While Griggers has yet to complete an investigation, he is in the process of obtaining a search warrant to take a sample of hair from Hodges. In the past weeks, Griggers finally received evidence from the unsolved slaying of Winnie Johnson, who lived in Sumter County and was found dead in her home. That evidence, caught in the backlog at the Alabama Department of Forensics, is a sample of hair taken from the scene of the Sumter County scene.

“There are a lot of similarities in our case and some of the others,” Griggers said.

Apparently, Hodges had lived in the Sumter County area and may have been there during the time of the Johnson murder.

“We don’t have much, but I’ve been assured that if we can get this evidence from Florida, forensics will run a test on it quickly,” Griggers said.

While prosecution of Hodges likely will take place in Florida where there is more evidence to convict the suspect, law enforcement in Cincinnati also has a strong case against Hodges.

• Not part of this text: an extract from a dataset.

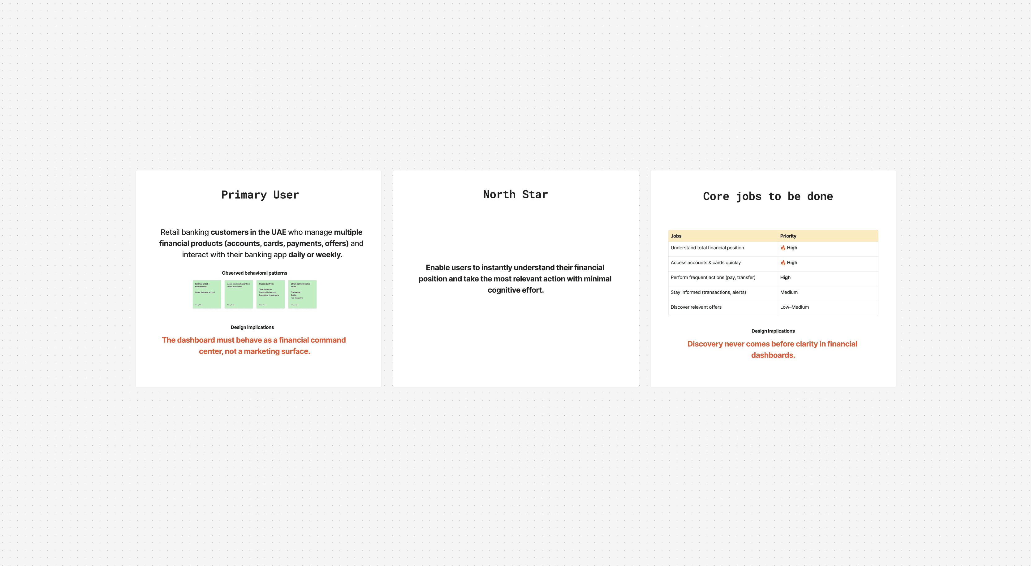 Retail banking customers in the UAE engage with their apps daily, yet the dashboard experience was fragmented, brand-led, and cognitively heavy.

According to a story in the Cincinnati Post, the suspect would engage elderly women in light conversation and cut away their purse straps with a knife. Other times, the Post said, Hodges would follow the women to their homes, push them inside, and steal their purses before he fled.

In the Florida case, the Pensacola News Journal reported that two of Belanger’s relatives saw a masked man climbing out of her window when they picked the victim up for a holiday trip.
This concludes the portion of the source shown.